## Instructions for the task
Reproduce the material below only from the line with "自動 車時計 | ||||||||||" to the line with "FDW Wire Shelving", both included, keeping each line exact and dropping the pictures.

## Data under study
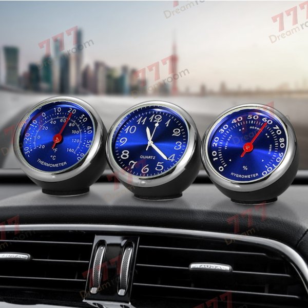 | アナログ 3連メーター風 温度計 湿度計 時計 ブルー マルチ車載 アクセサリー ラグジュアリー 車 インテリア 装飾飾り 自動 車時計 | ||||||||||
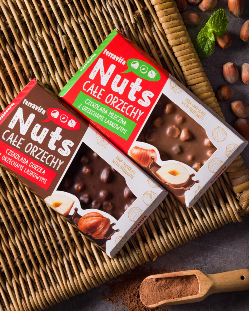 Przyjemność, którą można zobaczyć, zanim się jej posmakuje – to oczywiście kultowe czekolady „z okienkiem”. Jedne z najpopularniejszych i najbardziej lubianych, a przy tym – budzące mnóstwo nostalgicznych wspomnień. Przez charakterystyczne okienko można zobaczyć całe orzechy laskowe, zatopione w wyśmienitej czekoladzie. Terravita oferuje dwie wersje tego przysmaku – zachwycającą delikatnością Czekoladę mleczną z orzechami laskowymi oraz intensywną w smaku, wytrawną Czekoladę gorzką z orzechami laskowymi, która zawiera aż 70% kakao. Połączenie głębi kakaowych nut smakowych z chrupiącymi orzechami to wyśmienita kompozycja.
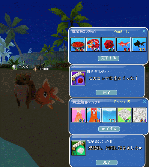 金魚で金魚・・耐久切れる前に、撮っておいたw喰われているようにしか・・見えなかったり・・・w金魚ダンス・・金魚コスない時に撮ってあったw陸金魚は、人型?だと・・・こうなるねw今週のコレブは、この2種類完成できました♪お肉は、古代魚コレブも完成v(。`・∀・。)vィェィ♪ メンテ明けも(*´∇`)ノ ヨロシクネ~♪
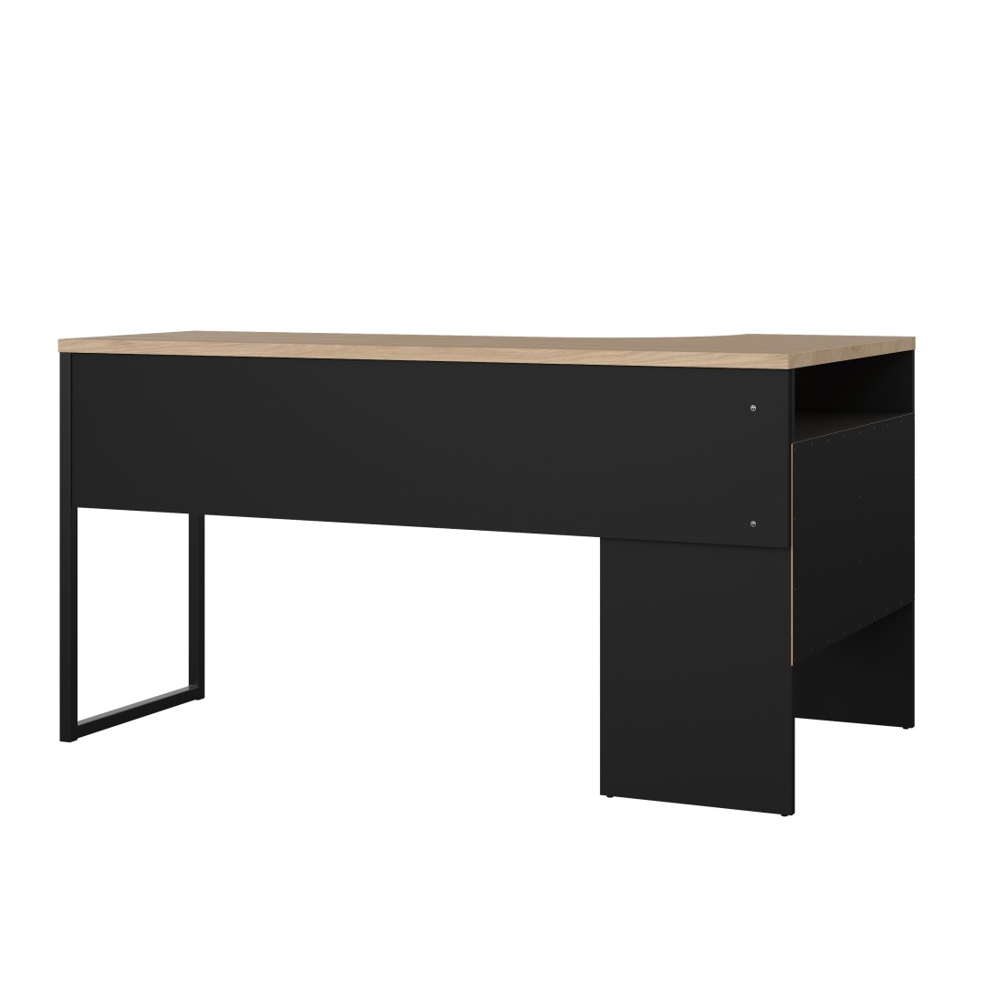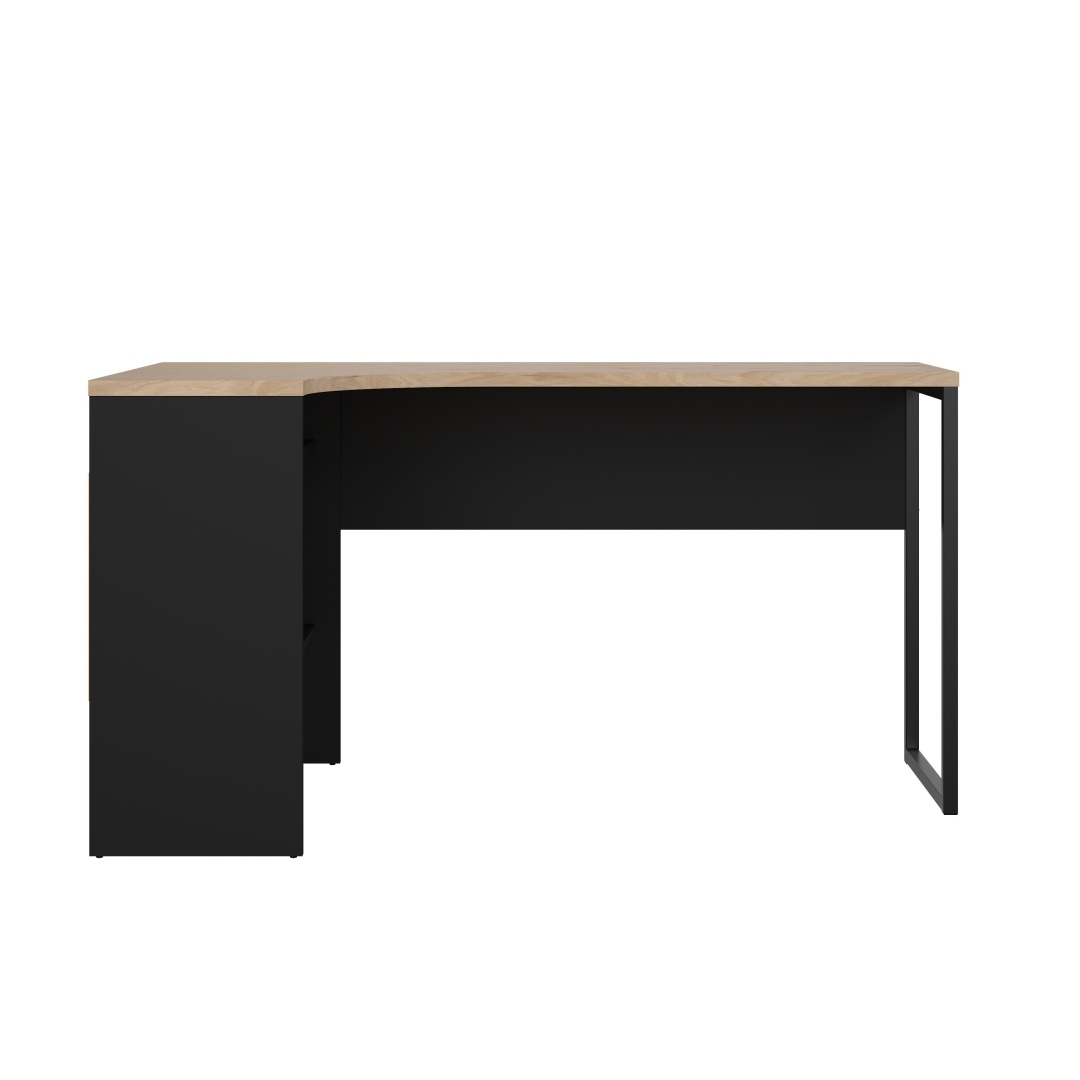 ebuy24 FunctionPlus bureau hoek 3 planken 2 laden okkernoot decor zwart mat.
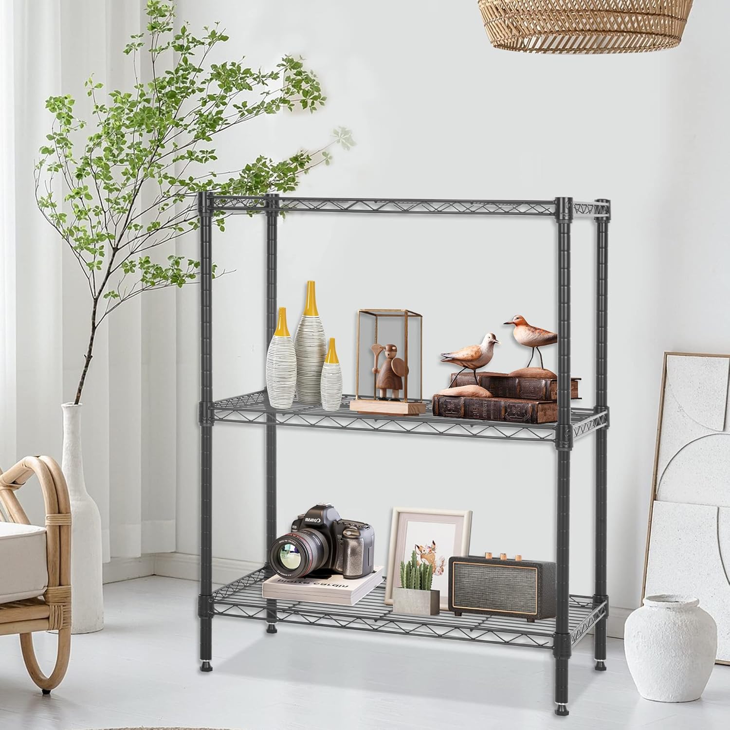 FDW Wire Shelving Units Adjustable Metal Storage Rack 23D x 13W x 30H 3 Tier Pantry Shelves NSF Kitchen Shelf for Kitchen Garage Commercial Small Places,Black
--
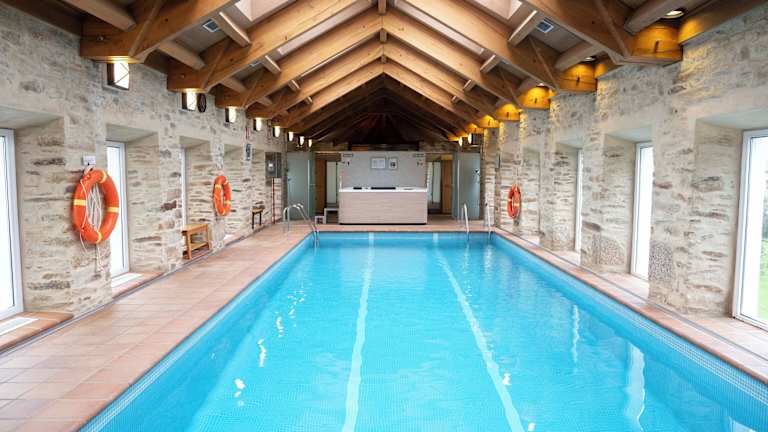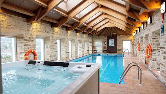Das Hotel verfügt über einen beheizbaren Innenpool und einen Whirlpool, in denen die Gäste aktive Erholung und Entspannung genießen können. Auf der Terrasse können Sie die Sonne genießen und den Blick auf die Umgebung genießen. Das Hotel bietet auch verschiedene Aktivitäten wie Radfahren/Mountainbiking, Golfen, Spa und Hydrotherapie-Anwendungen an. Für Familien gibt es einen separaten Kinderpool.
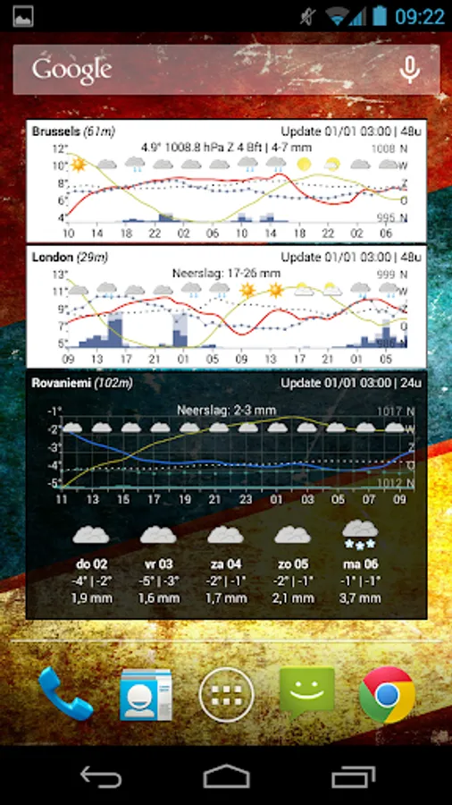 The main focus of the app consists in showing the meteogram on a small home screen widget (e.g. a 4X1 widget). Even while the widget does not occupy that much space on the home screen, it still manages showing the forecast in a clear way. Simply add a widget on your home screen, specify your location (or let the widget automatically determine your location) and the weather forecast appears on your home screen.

## Task result
 | アナログ 3連メーター風 温度計 湿度計 時計 ブルー マルチ車載 アクセサリー ラグジュアリー 車 インテリア 装飾飾り 自動 車時計 | ||||||||||
 Przyjemność, którą można zobaczyć, zanim się jej posmakuje – to oczywiście kultowe czekolady „z okienkiem”. Jedne z najpopularniejszych i najbardziej lubianych, a przy tym – budzące mnóstwo nostalgicznych wspomnień. Przez charakterystyczne okienko można zobaczyć całe orzechy laskowe, zatopione w wyśmienitej czekoladzie. Terravita oferuje dwie wersje tego przysmaku – zachwycającą delikatnością Czekoladę mleczną z orzechami laskowymi oraz intensywną w smaku, wytrawną Czekoladę gorzką z orzechami laskowymi, która zawiera aż 70% kakao. Połączenie głębi kakaowych nut smakowych z chrupiącymi orzechami to wyśmienita kompozycja.
 金魚で金魚・・耐久切れる前に、撮っておいたw喰われているようにしか・・見えなかったり・・・w金魚ダンス・・金魚コスない時に撮ってあったw陸金魚は、人型?だと・・・こうなるねw今週のコレブは、この2種類完成できました♪お肉は、古代魚コレブも完成v(。`・∀・。)vィェィ♪ メンテ明けも(*´∇`)ノ ヨロシクネ~♪
 ebuy24 FunctionPlus bureau hoek 3 planken 2 laden okkernoot decor zwart mat.
 FDW Wire Shelving Units Adjustable Metal Storage Rack 23D x 13W x 30H 3 Tier Pantry Shelves NSF Kitchen Shelf for Kitchen Garage Commercial Small Places,Black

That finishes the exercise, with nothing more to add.